Introducing the Big Boss Troublemaker
The Big Boss Troublemaker is whoever or whatever causes the protagonist’s world to turn upside down. The BBT creates the overall story problem that must be solved by the end of Act III. This is also who or what must be present at the Big Boss Battle.
In Finding Nemo, the Big Boss Troublemaker was Darla the Fish-Killer. Though we only see Darla a few minutes out of the entire movie, it is her agenda that creates the problem. If Darla wanted a kitten for her birthday, little Nemo would have been safe at home. It is also Darla’s propensity to kill her fish that creates the ticking clock in the race to save Nemo.
The Stronger Your BBT, the Better
In the beginning, your protagonist should be weak. If pitted against the BBT, your protag would be toast…or actually more like jelly that you smear across the toast.
One of the biggest problems I have with new writers is they shy away from conflict. New writers tend to water down the opposition. This is natural. As humans, we really don’t like a lot of conflict…unless you happen to be a regular on the Jerry Springer Show.
It is natural to not like conflict, but good fiction is the path of greatest resistance. The bigger the problem, the better the challenge and thus the greater the hero. When we begin our story, the best stories are when we look at the opposition and ask, “How can the protag ever defeat this thing?’
A fantastic example of this. Go watch the movie, The Darkest Hour. I spent over 2/3 of the movie wondering how on earth humans would survive, let alone have a fighting chance. This movie was terrifying, not because of a lot of blood and gore, but rather because the opposition was so overwhelming it seemed there was no hope of winning. I’ll warn you that the movie is frightening, so those who dare can check out the trailer here. The trailer alone is enough to show what I’m talking about.

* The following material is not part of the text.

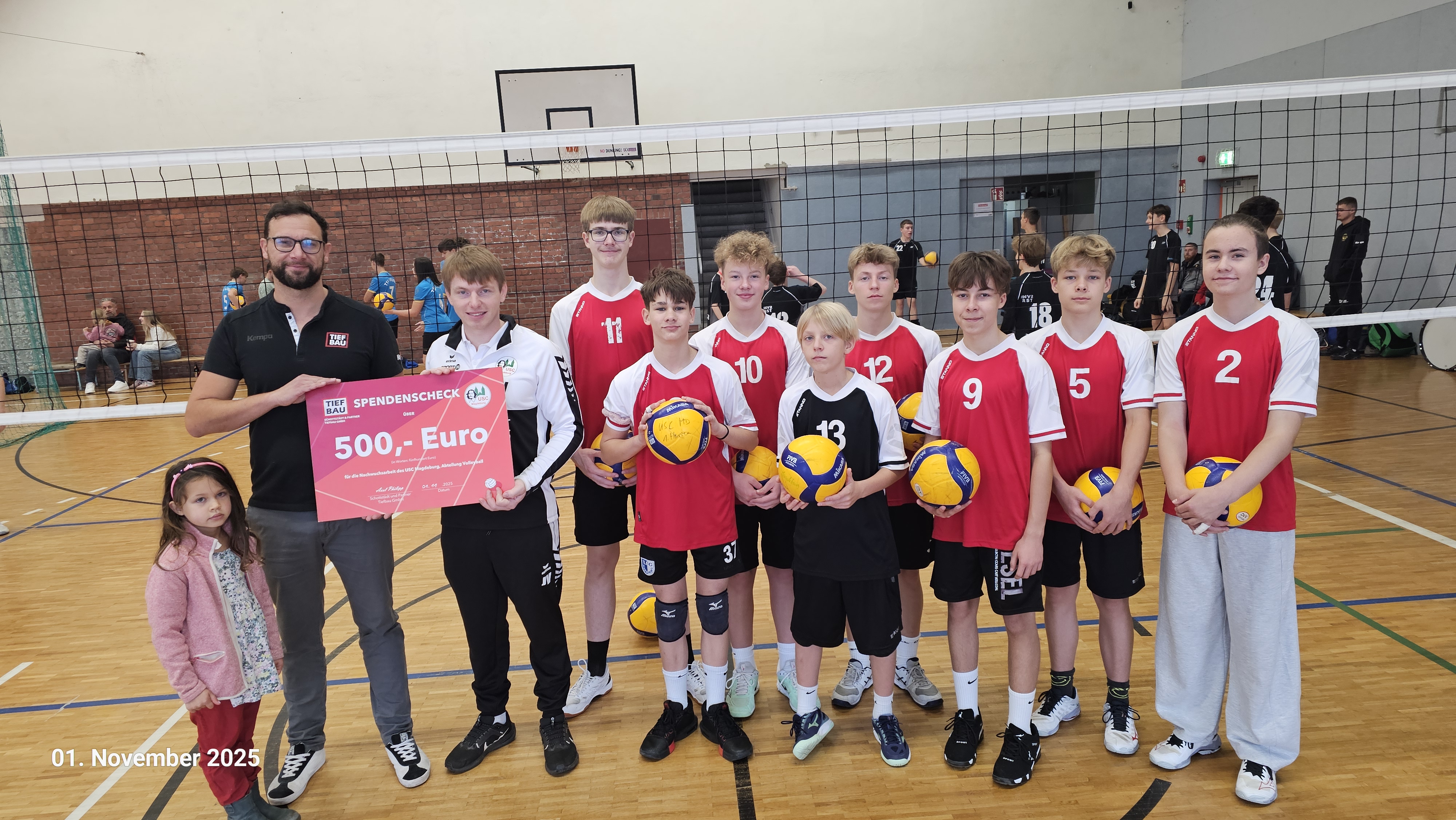 Bauleiter Torsten Biermann (links im Bild) übergab mit Tochter Marie den symbolischen Spendenscheck beim letzten Jugendspieltag an Trainer Jakob Vogel und das U16-Team des USC.

The BBT doesn’t have to be terrifying, but he/she/it must be powerful. Think of Rocky. If his big fight was against the band nerd from three flats down, it would make for a lousy story/movie.
What About When the BBT is Not a Person?
Remember high school literature?
Man against man.
Man against nature.
Man against himself.
Ah, but this is where writers can get into trouble. Just because the BBT is not a person, does not mean the BBT will not work through a person. Humans don’t do so great with existentialism, which is why proxies are often so helpful.

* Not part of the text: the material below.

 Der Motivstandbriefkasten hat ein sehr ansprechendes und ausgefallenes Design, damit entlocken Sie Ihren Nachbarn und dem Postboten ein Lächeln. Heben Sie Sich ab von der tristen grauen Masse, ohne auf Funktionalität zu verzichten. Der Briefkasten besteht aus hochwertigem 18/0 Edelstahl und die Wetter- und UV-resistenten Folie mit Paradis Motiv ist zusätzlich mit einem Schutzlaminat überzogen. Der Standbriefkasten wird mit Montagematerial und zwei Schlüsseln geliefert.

For instance, in the 1984 movie Footloose, religious fundamentalism that forbids dancing is the BBT but religious fundamentalism that forbids dancing is represented by the town’s Bible-thumping minister (who also happens to be the father of the love-interest). Talk about conflict!

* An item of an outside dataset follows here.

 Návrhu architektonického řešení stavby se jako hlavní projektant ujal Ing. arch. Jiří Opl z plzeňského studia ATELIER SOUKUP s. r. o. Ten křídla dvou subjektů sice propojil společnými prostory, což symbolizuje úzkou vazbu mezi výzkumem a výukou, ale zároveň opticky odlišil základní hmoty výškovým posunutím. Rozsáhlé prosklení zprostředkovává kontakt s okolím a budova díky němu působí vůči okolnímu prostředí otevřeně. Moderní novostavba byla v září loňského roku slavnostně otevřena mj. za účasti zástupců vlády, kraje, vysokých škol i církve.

We will talk more about this next week.
Okay, well that’s enough for today. Need to stop before your brains all explode and then you have to clean up your keyboard. The antagonist is tough, and hopefully this series will break its complex nature down in to bite-size, manageable pieces.
What are some of your all-time favorite BBTs? What made them so awesome? What are your biggest problems with the antagonist? What do you find confusing? What books or resources helped you? Any recommendations?
I LOVE hearing from you!
And to prove it and show my love, for the month of April, everyone who leaves a comment I will put your name in a hat. If you comment and link back to my blog on your blog, you get your name in the hat twice. If you leave a comment, and link back to my blog, and mention my book We Are Not Alone in your blog…you get your name in the hat THREE times. What do you win? The unvarnished truth from yours truly.
I will pick a winner every week for a critique of your first five pages. At the end of April I will pick a winner for the grand prize. A free critique from me on the first 15 pages of your novel. Good luck!
Note–I’ve been having technical problems lately and am in the middle of rebuilding my web site. Also, my toddler has had an allergic reaction to something and he is home sick, which is slowing me down.
Thus, I am a tad behind and there were so many comments last week I need a bit more time, so I will announce on Wednesday. Thanks for your patience!